Does anyone know what solvent they were using? At one point, probably in early 1976, I took a sample of Liquid Paper thinner to my high school chemistry teacher, just out of curiosity, to see if he could figure out what it was. He revealed to me his pride and joy, an infrared spectrophotometer he kept in a room behind the lab. We ran a sample, but the resulting absorption curve wasn't anything he recognized, and we didn't pursue it any further. I'm sure it wasn't water, and I think he would have recognized carbon tetrachloride or something obvious like that, but that's about all the clues I have.

I never knew the story behind Liquid Paper, though, until now.


the original was just water based tempera paint. I'm not sure when, but definitely by the 70s, they reformulated it with trichloroethane as the solvent. In the 80s, that was replaced with naphtha.


Ah, thanks. Yes, trichloroethane makes sense.


Yes, probably one of the first intoxicants of some schoolkids - you'd get your face down low to concentrate and see where you were applying the stuff (Tippex in the UK, 1980s) and get a good nose-full.

That ranks along with "banda" toner from fresh duplicates. (https://en.m.wikipedia.org/wiki/Spirit_duplicator).


Graham died in 1980, but this obit was published yesterday because it's part of the NYT's project to write obits for "remarkable people" in the past (e.g. Ada Lovelace and Henrietta Lacks) who apparently died without note.

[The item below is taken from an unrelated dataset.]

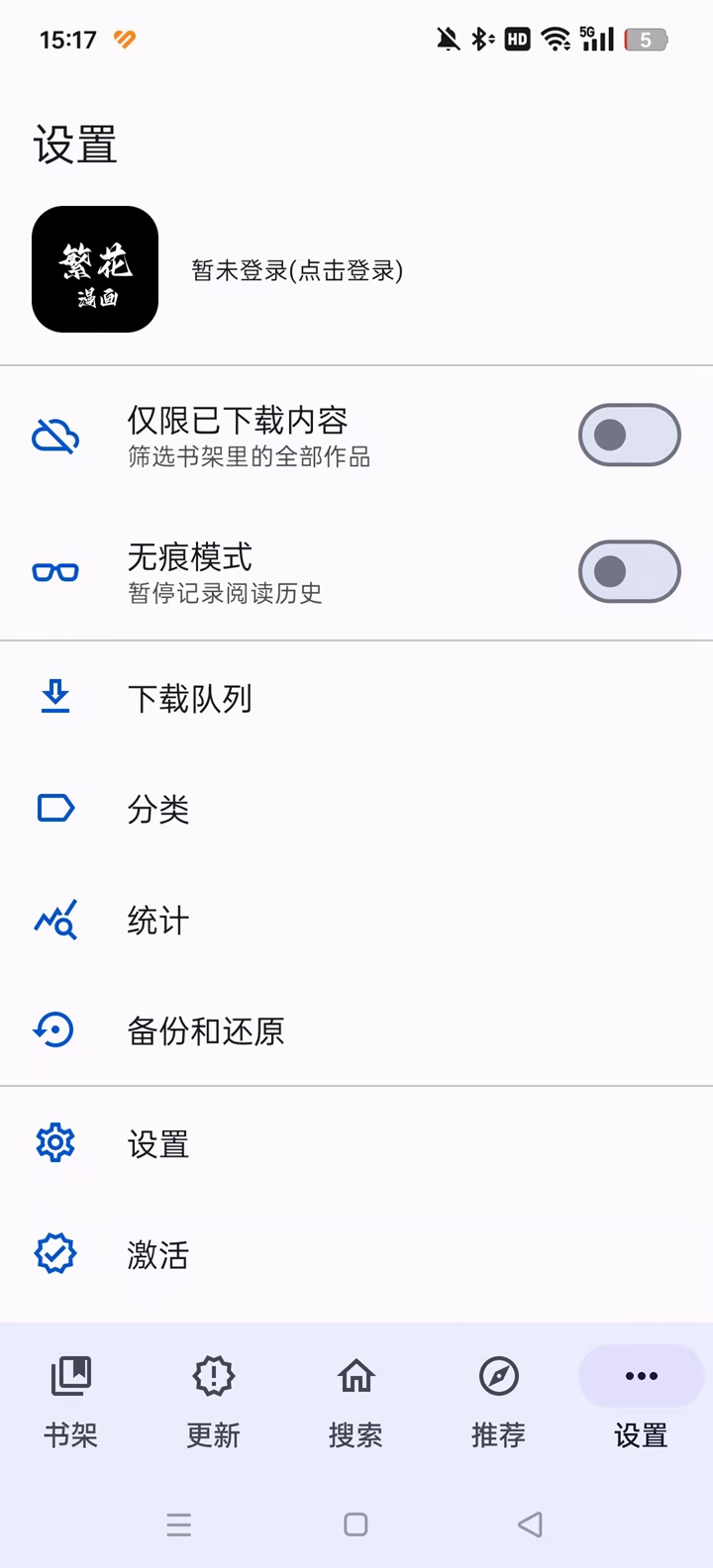3、我们只需要找到底部的【推荐】功能栏就行,这里内置了超多其他漫画的阅读源,无需导入,自由使用。

Not interested in getting into a gender bias/history debate (I think most of us can agree that there was inequality decades ago), but I was genuinely surprised that the NYT in 1980 wouldn't have written an obit for Graham at the time of her death. Her life has all the facets of a great interesting story, and she was wealthy in her own lifetime. And the newsroom then ran on typewriters, so it's not like Liquid Paper would've be an obscure topic.

Her story of invention is fascinating enough on its own -- a divorced single mother hacking something to make her job easier, reading books on her own to learn the chemistry, implementing it in her kitchen at night, then getting fired when her boss finds out she has a side-gig. But even more remarkable, she actually succeeded. Unlike a lot of inventors, she got to reap the benefits of her hard work and brilliance, including owning her own company (even fighting off her ex-husband's attempt to steal it) and becoming wealthy. That her death wouldn't be noticeable for an obit (again, at a newspaper that has thousands of typewriters) is really surprising even if you think 1980 had the same social standards as 1930.

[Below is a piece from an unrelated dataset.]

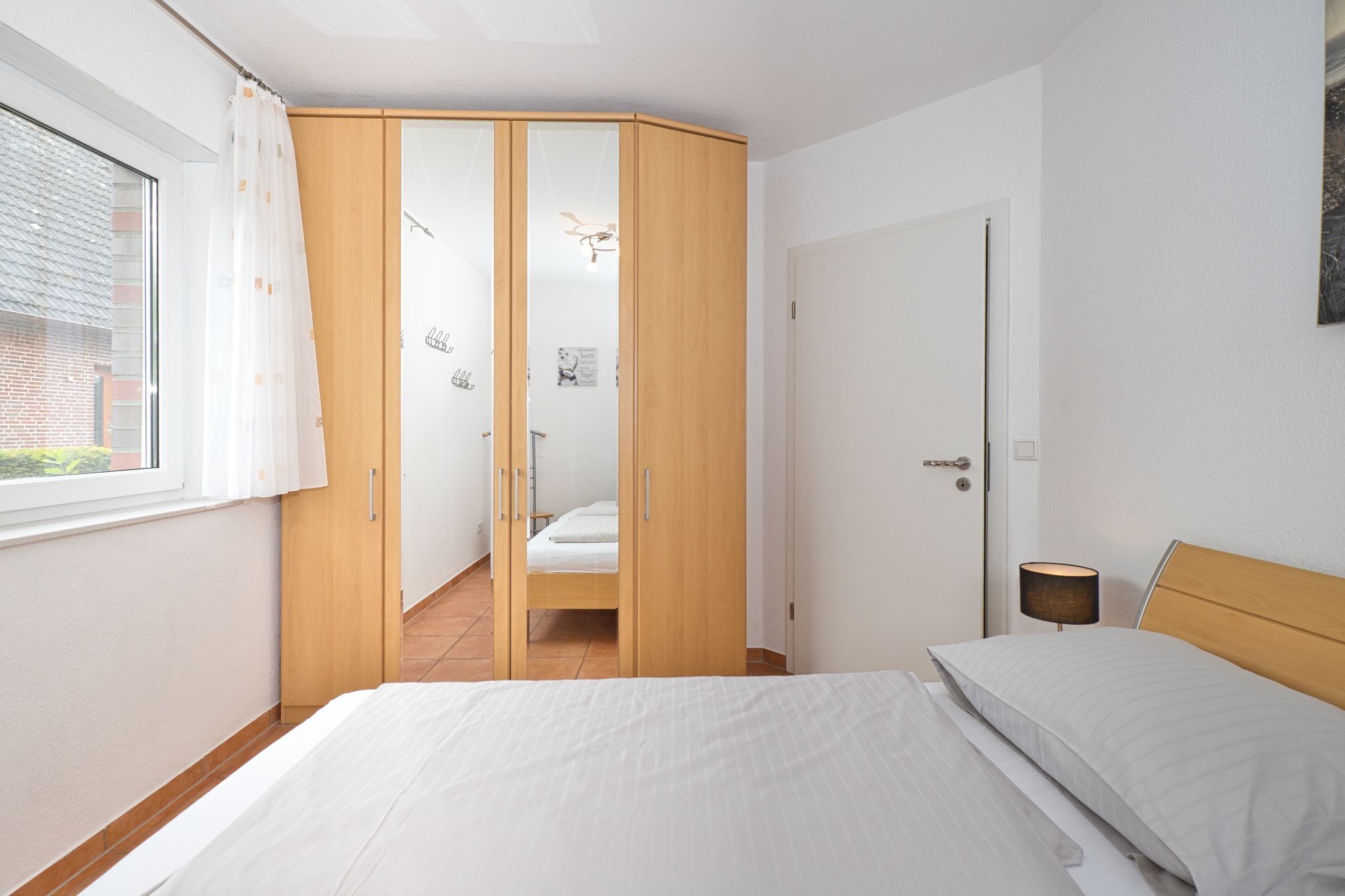 Im separaten Schlafzimmer erwartet Sie ein komfortables Doppelbett und ein großzügiger Kleiderschrank. Das moderne Duschbad ist mit einer bodengleichen, behindertengerechten Dusche, WC und einer praktischen Ablage ausgestattet.

FWIW, Wikipedia has had an entry for her since 2004: https://en.wikipedia.org/wiki/Bette_Nesmith_Graham


it's exhausting just reading, I'd really like to know what she was thinking in her mind..

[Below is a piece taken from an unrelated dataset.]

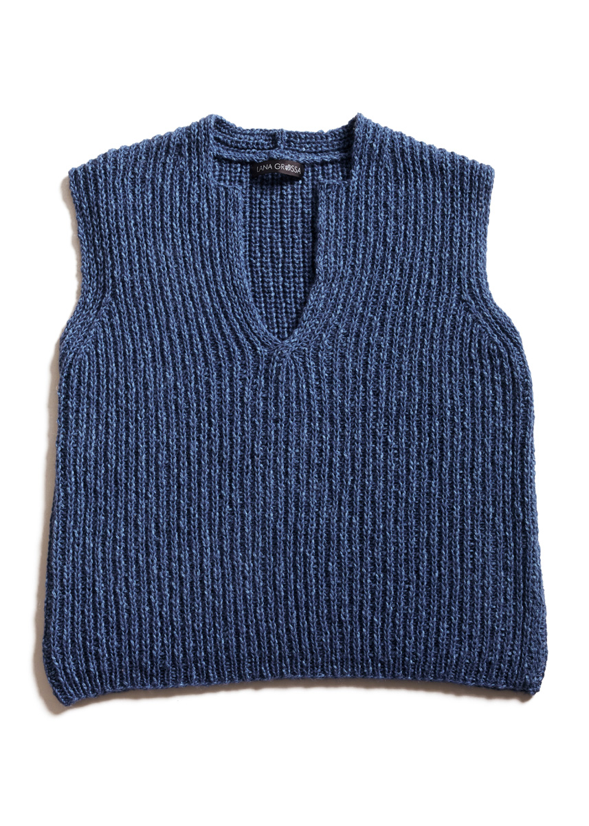 Das blaue Top wurde aus einem neuen, melierten Garn im Halbpatent gestrickt. Betonte Abnahmen an Schultern und Ausschnitt verleihen ihm Raffinesse.

This is such a great example of why arts and sciences ought to interact more.


I wonder how many people reading this know what Liquid Paper is before reading the article? :-/


I'm old enough to have been in high school when more people took typing class than took one with computers; I'd be surprised if there were more than 20 computers in the entire school.

Wite-Out was a great product, didn't know about Liquid Paper.


Her son, Michael Nesmith, was in the Monkees.


Raise your hand if you're old enough to remember either Michael Nesmith or Liquid Paper.

I don't remember where I first heard that bit of trivia, but it sure is interesting.


It's a great American success story.

It's also one of those inventions that seems so obvious in hindsight.


Overlooked? The fact that Bette Nesmith Graham invented Liquid Paper has been a staple of trivia for ever. In part because of her famous son.

The story starts from a biased almost sexism-baiting opening line "obituaries in The New York Times have been dominated by white men". Perhaps the New York Times didn't write an obituary, but the rest of the world knew who she was. This is aside from the fact that there are certainly white men who they probably overlooked as well.


Other than she was her famous son's mother and the bare fact that she invented the stuff, did you know anything about her remarkable story? I didn't.

The NYT's mission here is to correct what it sees as its own previous omissions. Whether many other outlets wrote obituaries at the time is hardly the issue.


Obituaries are more detailed than summing someone's life up as a trivia question.